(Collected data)
▼

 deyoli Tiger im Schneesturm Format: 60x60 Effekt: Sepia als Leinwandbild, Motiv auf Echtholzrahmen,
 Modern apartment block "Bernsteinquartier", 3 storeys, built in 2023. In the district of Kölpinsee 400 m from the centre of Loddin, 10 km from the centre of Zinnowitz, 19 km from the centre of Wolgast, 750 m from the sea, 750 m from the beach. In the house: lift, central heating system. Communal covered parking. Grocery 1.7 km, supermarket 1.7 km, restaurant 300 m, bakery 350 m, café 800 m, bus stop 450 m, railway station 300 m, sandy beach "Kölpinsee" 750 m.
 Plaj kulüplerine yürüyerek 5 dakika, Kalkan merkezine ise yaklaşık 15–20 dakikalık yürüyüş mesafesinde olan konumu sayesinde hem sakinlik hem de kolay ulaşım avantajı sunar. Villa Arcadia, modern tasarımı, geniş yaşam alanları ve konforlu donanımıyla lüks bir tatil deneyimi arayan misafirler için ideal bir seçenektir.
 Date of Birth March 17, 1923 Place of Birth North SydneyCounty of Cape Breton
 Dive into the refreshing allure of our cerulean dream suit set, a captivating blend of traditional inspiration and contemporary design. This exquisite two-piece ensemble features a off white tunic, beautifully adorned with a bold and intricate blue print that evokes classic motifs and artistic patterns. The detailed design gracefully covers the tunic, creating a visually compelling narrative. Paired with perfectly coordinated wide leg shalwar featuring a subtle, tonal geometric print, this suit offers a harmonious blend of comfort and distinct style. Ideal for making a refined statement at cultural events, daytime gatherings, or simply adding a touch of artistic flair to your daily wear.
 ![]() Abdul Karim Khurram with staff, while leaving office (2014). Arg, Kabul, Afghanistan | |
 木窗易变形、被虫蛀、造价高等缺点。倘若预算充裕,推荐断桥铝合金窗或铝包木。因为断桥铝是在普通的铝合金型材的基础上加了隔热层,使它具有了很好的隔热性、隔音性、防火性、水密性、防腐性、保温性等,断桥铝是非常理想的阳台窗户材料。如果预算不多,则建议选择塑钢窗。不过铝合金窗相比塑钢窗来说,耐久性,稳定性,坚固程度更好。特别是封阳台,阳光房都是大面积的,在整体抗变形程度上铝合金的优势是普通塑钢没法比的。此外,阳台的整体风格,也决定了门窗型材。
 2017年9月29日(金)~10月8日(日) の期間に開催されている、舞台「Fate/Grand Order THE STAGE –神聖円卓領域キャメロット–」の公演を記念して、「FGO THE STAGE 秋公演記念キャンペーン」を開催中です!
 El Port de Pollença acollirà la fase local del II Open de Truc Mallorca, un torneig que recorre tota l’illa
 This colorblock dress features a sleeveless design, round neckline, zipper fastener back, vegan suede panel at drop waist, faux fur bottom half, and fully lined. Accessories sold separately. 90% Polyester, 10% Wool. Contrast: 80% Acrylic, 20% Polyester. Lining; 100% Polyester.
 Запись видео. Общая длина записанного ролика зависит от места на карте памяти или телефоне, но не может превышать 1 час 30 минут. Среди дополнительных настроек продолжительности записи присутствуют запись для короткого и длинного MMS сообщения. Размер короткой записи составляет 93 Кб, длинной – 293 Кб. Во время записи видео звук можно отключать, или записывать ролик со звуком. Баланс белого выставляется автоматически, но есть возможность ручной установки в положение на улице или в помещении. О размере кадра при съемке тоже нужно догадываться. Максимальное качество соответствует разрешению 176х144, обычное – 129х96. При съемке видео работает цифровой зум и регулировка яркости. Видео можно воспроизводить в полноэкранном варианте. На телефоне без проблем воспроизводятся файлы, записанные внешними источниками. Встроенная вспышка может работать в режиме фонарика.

▲

TASK TO CARRY OUT:
Retype exactly, please, each line from the line that contains "木窗易变形、被虫蛀、造价高等" through the last line of the entries above, with nothing added.

COMPLETED EXERCISE:
 木窗易变形、被虫蛀、造价高等缺点。倘若预算充裕,推荐断桥铝合金窗或铝包木。因为断桥铝是在普通的铝合金型材的基础上加了隔热层,使它具有了很好的隔热性、隔音性、防火性、水密性、防腐性、保温性等,断桥铝是非常理想的阳台窗户材料。如果预算不多,则建议选择塑钢窗。不过铝合金窗相比塑钢窗来说,耐久性,稳定性,坚固程度更好。特别是封阳台,阳光房都是大面积的,在整体抗变形程度上铝合金的优势是普通塑钢没法比的。此外,阳台的整体风格,也决定了门窗型材。
 2017年9月29日(金)~10月8日(日) の期間に開催されている、舞台「Fate/Grand Order THE STAGE –神聖円卓領域キャメロット–」の公演を記念して、「FGO THE STAGE 秋公演記念キャンペーン」を開催中です!
 El Port de Pollença acollirà la fase local del II Open de Truc Mallorca, un torneig que recorre tota l’illa
 This colorblock dress features a sleeveless design, round neckline, zipper fastener back, vegan suede panel at drop waist, faux fur bottom half, and fully lined. Accessories sold separately. 90% Polyester, 10% Wool. Contrast: 80% Acrylic, 20% Polyester. Lining; 100% Polyester.
 Запись видео. Общая длина записанного ролика зависит от места на карте памяти или телефоне, но не может превышать 1 час 30 минут. Среди дополнительных настроек продолжительности записи присутствуют запись для короткого и длинного MMS сообщения. Размер короткой записи составляет 93 Кб, длинной – 293 Кб. Во время записи видео звук можно отключать, или записывать ролик со звуком. Баланс белого выставляется автоматически, но есть возможность ручной установки в положение на улице или в помещении. О размере кадра при съемке тоже нужно догадываться. Максимальное качество соответствует разрешению 176х144, обычное – 129х96. При съемке видео работает цифровой зум и регулировка яркости. Видео можно воспроизводить в полноэкранном варианте. На телефоне без проблем воспроизводятся файлы, записанные внешними источниками. Встроенная вспышка может работать в режиме фонарика.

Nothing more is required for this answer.